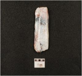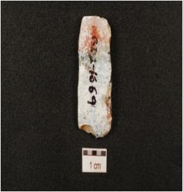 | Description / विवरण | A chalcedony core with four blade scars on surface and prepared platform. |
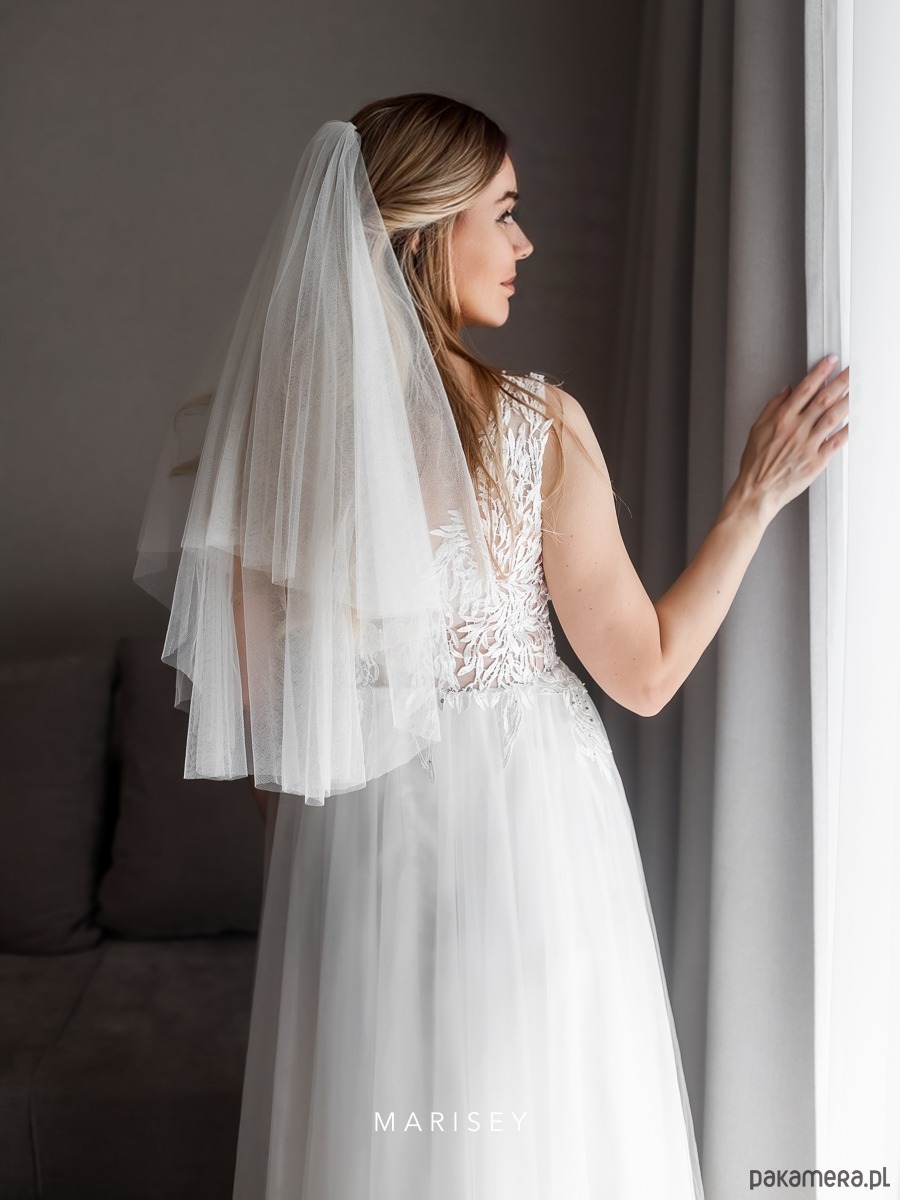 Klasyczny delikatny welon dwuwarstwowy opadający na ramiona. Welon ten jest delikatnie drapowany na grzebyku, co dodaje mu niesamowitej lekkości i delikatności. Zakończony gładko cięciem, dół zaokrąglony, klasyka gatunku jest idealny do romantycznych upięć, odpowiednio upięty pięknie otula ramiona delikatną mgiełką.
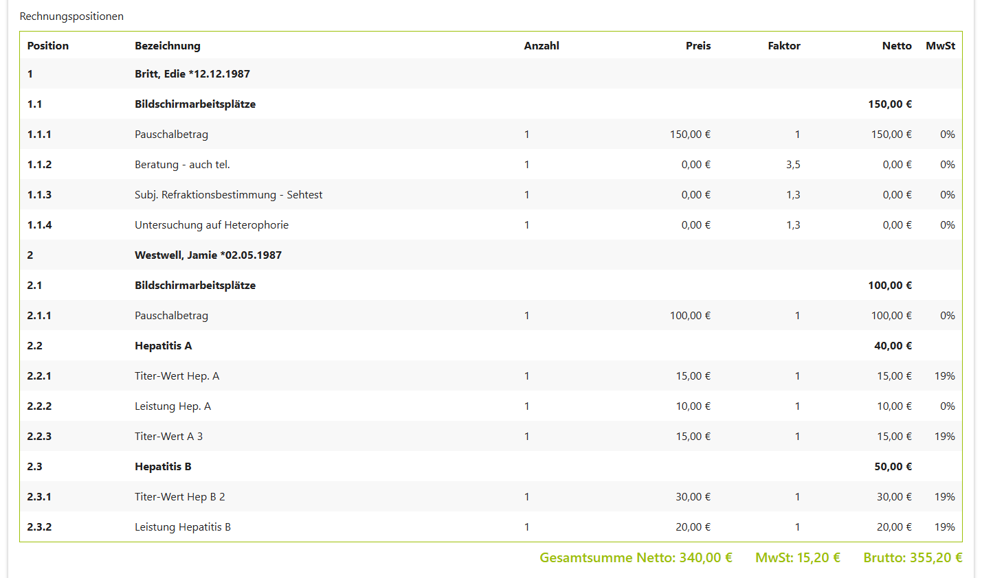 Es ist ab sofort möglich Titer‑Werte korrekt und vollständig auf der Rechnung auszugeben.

- What you have to do
The data above should be set down again exactly, with the pictures omitted.

- Response
 | Description / विवरण | A chalcedony core with four blade scars on surface and prepared platform. |
 Klasyczny delikatny welon dwuwarstwowy opadający na ramiona. Welon ten jest delikatnie drapowany na grzebyku, co dodaje mu niesamowitej lekkości i delikatności. Zakończony gładko cięciem, dół zaokrąglony, klasyka gatunku jest idealny do romantycznych upięć, odpowiednio upięty pięknie otula ramiona delikatną mgiełką.
 Es ist ab sofort möglich Titer‑Werte korrekt und vollständig auf der Rechnung auszugeben.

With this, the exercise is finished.